# Stock up for Frou Frou drinks, Stoli Style!!



## replicant_argent (May 13, 2006)

Not sure if it is a company wide closeout, but....
Picked up three 750 ml bottles of flavored Stoli (blueberry, raspberry, and vanilla) at the local Costco today for 21 bucks. A single bottle of any of those here in MN is about 16 bucks, so a pretty damn good deal if you are making blender drinks, or weird cosmos or something.


----------



## icehog3 (Feb 20, 2005)

If I am in a sweet toothy, frou frou mood, I dig the Vanilla with some diet Coke, tastes just like a ...you guessed it .... a Vanilla Coke.


----------



## JacksonCognac (Nov 12, 2007)

That is pretty cool... at that price, I'd consider getting em even though usually stay away from that sort of thing. 

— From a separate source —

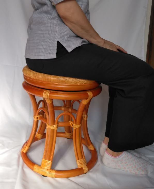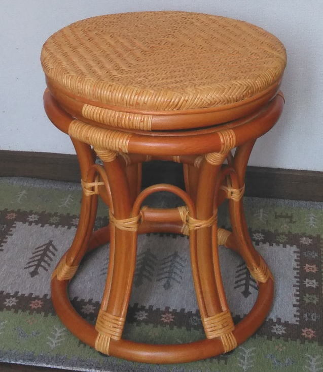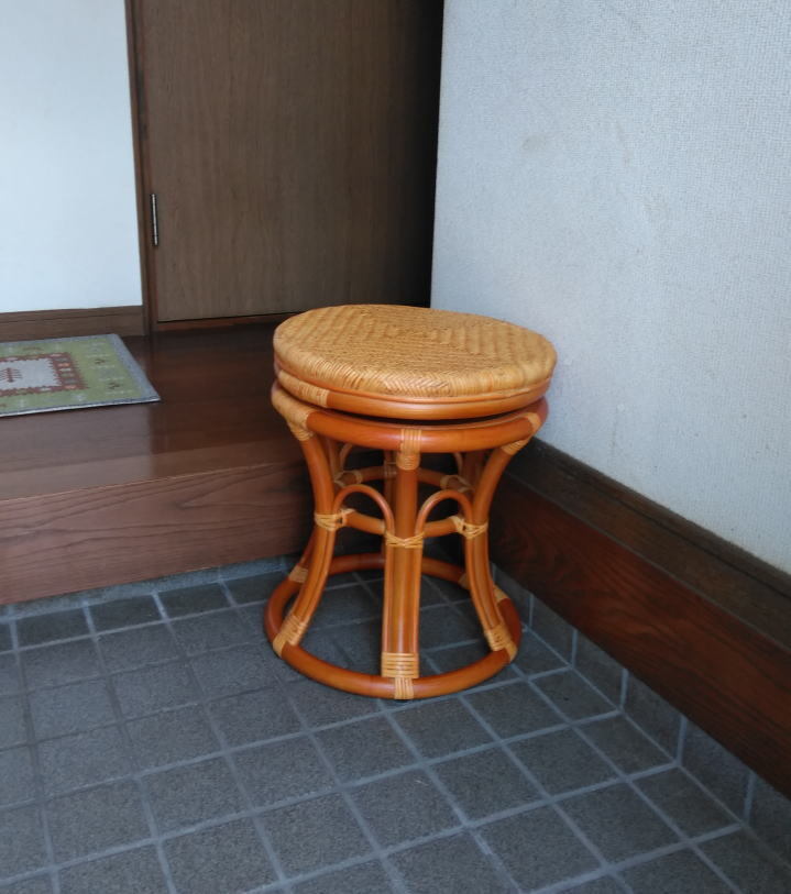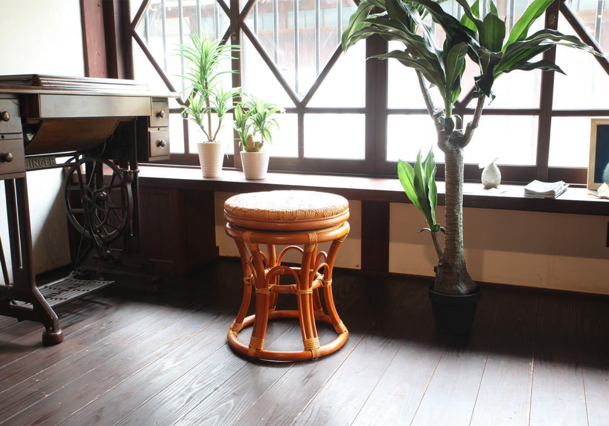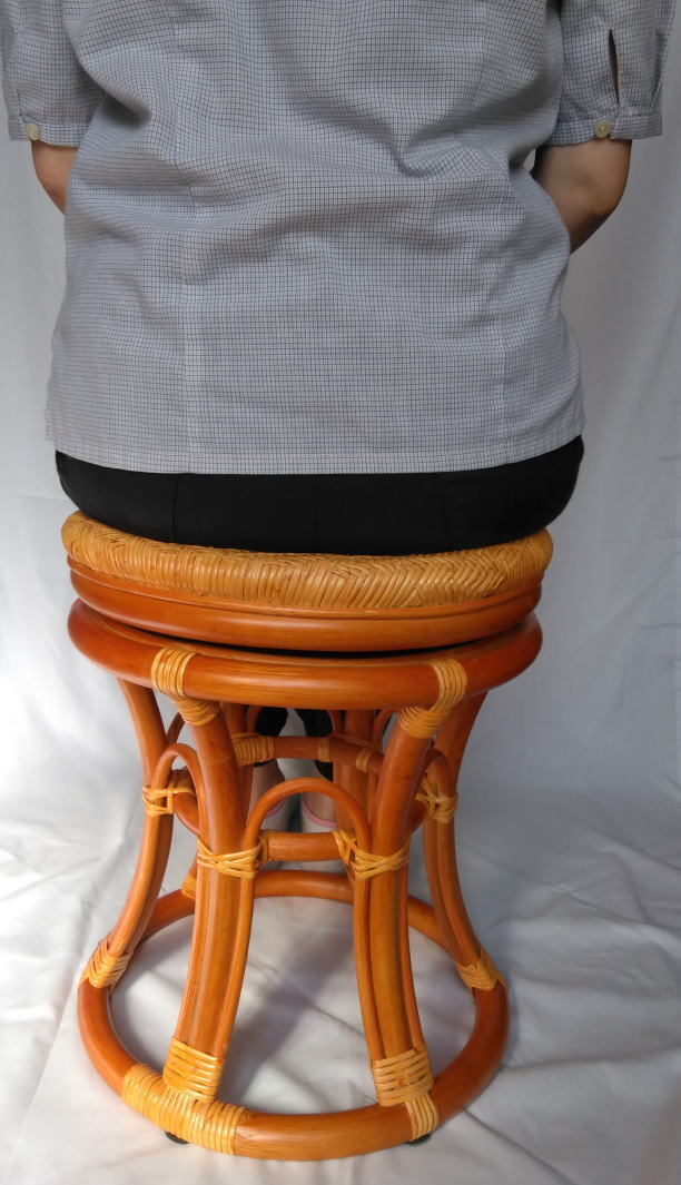 立ち座りがしやすい高さの、ラタン 回転スツールです。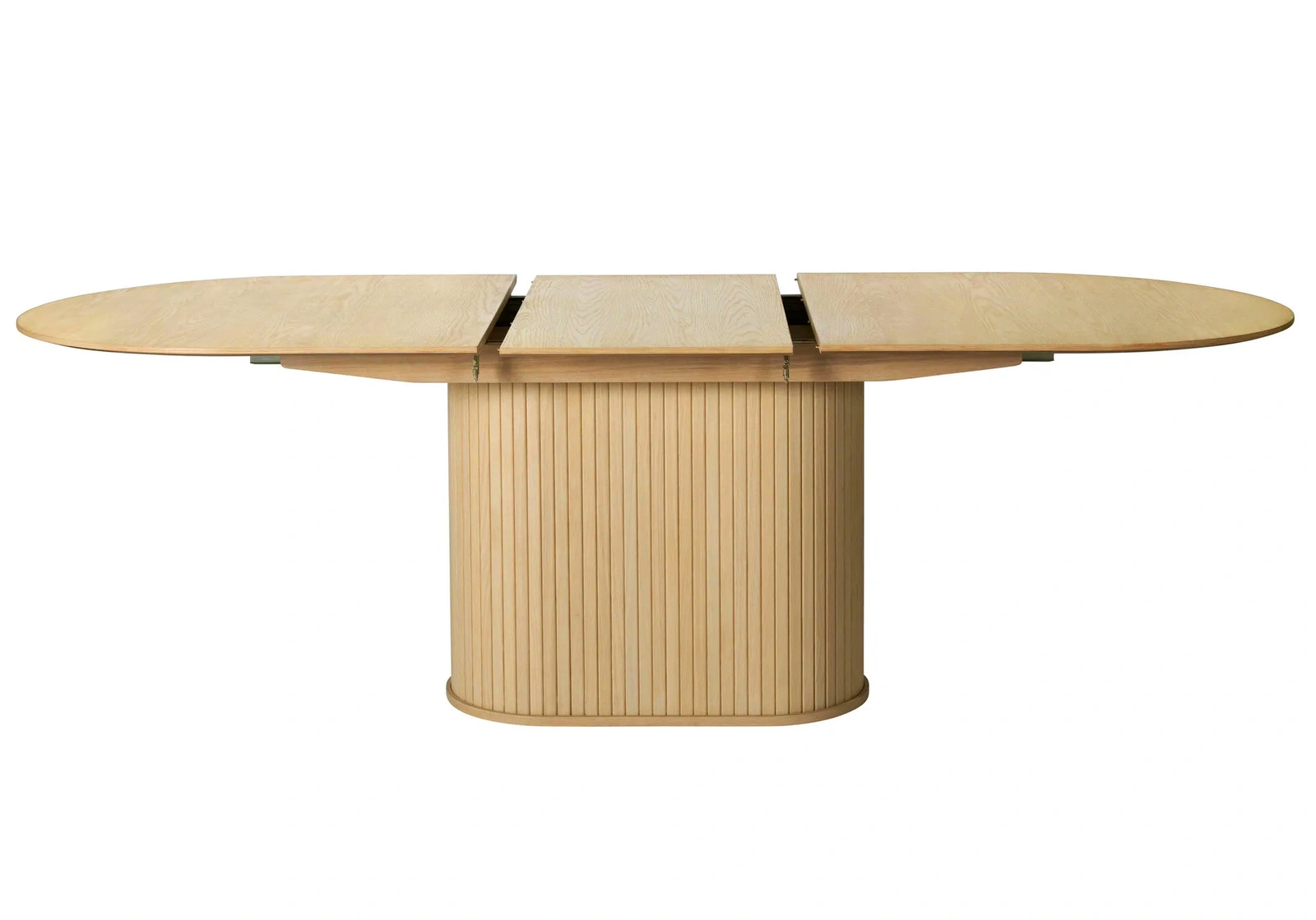 Rozkládací stůl Lano značky UNIQUE Furniture je výjimečný kus nábytku do jídelny, který spojuje moderní design s funkčností. Oválná deska o působivé délce 230 cm je vyrobena z MDF desky potažené přírodní dubovou dýhou a celý stůl je postaven na stabilní, jedné noze. Díky rozkládacímu mechanismu a přídavným deskám v balení získáte flexibilitu a pohodlí při pořádání rodinných setkání nebo oslav s přáteli.

In other news a local liquor store has Heineken Draught Kegs on sale for $10! For the uninitiated, these hold 20 beers a piece! I'm stocking up for graduation. :ss


----------



## replicant_argent (May 13, 2006)

yeah, thought about getting an extra one or two just for, you know... experimenting.


----------



## ScottishSmoker (Feb 11, 2007)

Thanks for the advice Pete...what does Costco for tequilas?


----------



## replicant_argent (May 13, 2006)

a couple of padrons, silver and anejo, I think, and some of them carry a nicer anejo I can't remember.


----------



## replicant_argent (May 13, 2006)

I did notice they carry Hendricks Gin as well. 29.00 for a 750, which is a good price, I imagine. Just grabbed some Dr. Bombay Sapphire a couple weeks ago, so the Hendricks might have to wait a bit, although some guys on here speak highly of it. Ain't temptation grand?


----------